I'm hoping that an anti-filter won't be necessary for this to work, but it might be beneficial if there are some harder to detect strings like the one you pointed out (if folks feel it is necessary).

The entry for counterbalancing Road Runner Business customers would be as follows:

    MAILFROM    -3    ENDSWITH    .biz.rr.com

My own reverse DNS on RR Residential would fail ([sub-region]-###-###-###-###.[region].rr.com).  They seem pretty good about keeping the spaces separate.  My concern is more so if these IP's are being used to send spam that isn't from detected open proxies.  I'm going to text search my filters some more, but it's probably safe.
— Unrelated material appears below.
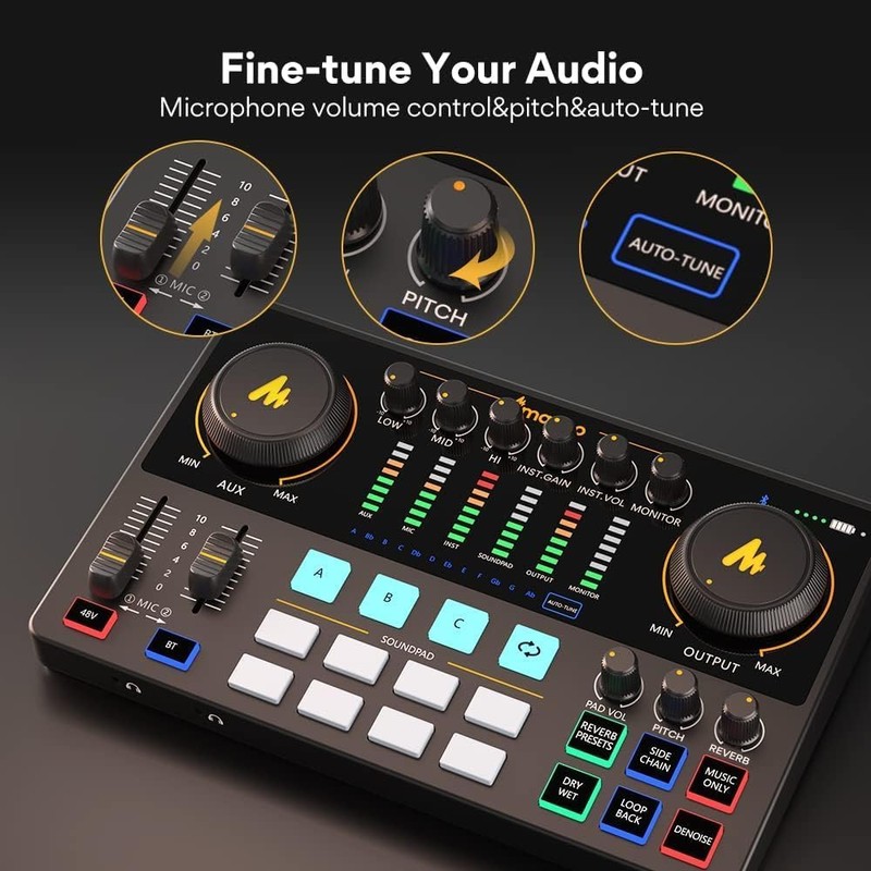 • [Enjoy a Personalized Podcasting Atmosphere]: The audio interface mixer has six reverb modes that you can adjust freely, 12-step auto-tune, 3 modifiable tones (Treble, mid-range, bass), and pitch changer knobs. Each microphone input is independently controlled, and pro features like sidechain, music-only, and loopback switches are included

BTW, EASYNET-DYNA picks me up at home (office), but SORBS-DUL doesn't probably because my IP seems to only change with their network being changed (i.e. not dynamic).  This is why I score SORBS-DUL at a 6 and EASYNET-DYNA at a 4, and keep both with the DYNAMIC filter.  Legit mail should also pass even if it fails all three filters because of negative weighting.

Matt



Joshua Levitsky wrote:


On Sep 17, 2003, at 8:21 PM, Matthew Bramble wrote:


I think that the following is a candidate for exclusion:


rrcs-nys-###-###-###-###.biz.rr.com


Matthew,
In the case of Road Runner I would put "ENSWITH rr.com" in the DYNAMIC and in the AntiDYNAMIC I would put "ENDSWITH biz.rr.com" because basically Road Runner puts locations in front of the rr.com so unless you know them all it would be hard to list em out. Like nyc.rr.com is New York City. When it has a location at the front it is a consumer account AFAIK and business stuff is in the biz.rr.com space.

Anyone see differently on Road Runner?